Billy Joe Green - May/June 2001
Saturday, May 5th, 2001by Jim Kelly
Who: Billy Joe Green
What: Blues with heart and spirit
Where: Edmonton, AB
To Contact: Steve Blackwell, 10411 Fairmount Drive S.E., Calgary, AB, T2J 0S6 (403) 607-0864, FAX (403) 278-5418,
The blues is a funny thing. In its traditional form, it often relies on repeated 12-bar patterns, a pentatonic scale and well-travelled lyrical themes. Sounds about as exciting as stale bread, doesn’t it? But the magic in the blues occurs when individual artists bring their own unique spirit and emotion, and plug that into the form. Billy Joe Green is one such blues artist.

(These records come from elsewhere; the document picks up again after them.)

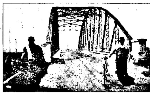
Nici podul de peste Criș nu le dă pace șiculanilor. S-a deteriorat peste măsură, iar Direcția de drumuri și poduri nu pare că-i pasă prea mult...

N-am putea să realizăm o statistică ad-hoc a numărului titlurilor de proprietate care s-au împărțit până acum în județul nostru, însă putem să ne minunăm, în adevăratul sens al cuvântului, informându-ne că la Șicula s-au distribuit doar 44 de astfel de acte. De ce? „Fiindcă nici până astăzi - ne-a spus domnul Lasc - nu s-au încheiat măsurătorile. Am mai avea nevoie de vreo doi topometriști pentru a finaliza lucrările în timp util”.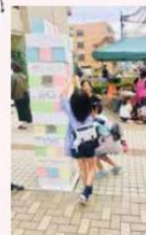
巨大ジェンガクイズ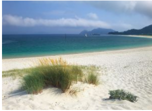
La playa de Rodas, en las islas Cíes (Pontevedra).

Originally from the Lake of the Woods area on the Manitoba-Ontario border, raised in Winnipeg and now based in Edmonton, Green’s second CD, My Ojibway Experience: Strength And Hope, mixes a few covers — Robert Johnson’s “Stop Breakin’ Down” and “Love In Vain” — with originals like “Nightmare Blues”, the down-tempo dedicational “Together, Together/Ka-chi-tay-i-gah Song” and the scorching “Soul Search”, a live-in-the-studio instrumental jam that pays homage to envelope-pushing axemen like Jimi Hendrix and Jeff Beck. Green has the chops, but, more importantly, he has the heart. “It’s all feel for me, and it’s all emotion,” he says. “Sometimes you close your eyes and it takes you somewhere. It’s not just an exercise in playing.” I suppose being from the Kejick Ojibway Nation makes Green rather atypical in the blues world. But in many ways he is the prototypical bluesman, for whom playing the blues was a form of salvation and a way to express his spirit. And that’s what it’s all about. Experience, strength, hope … and some pretty hot chops. All of that comes across in Billy Joe’s playing — the only guy I know who turns the blues Green.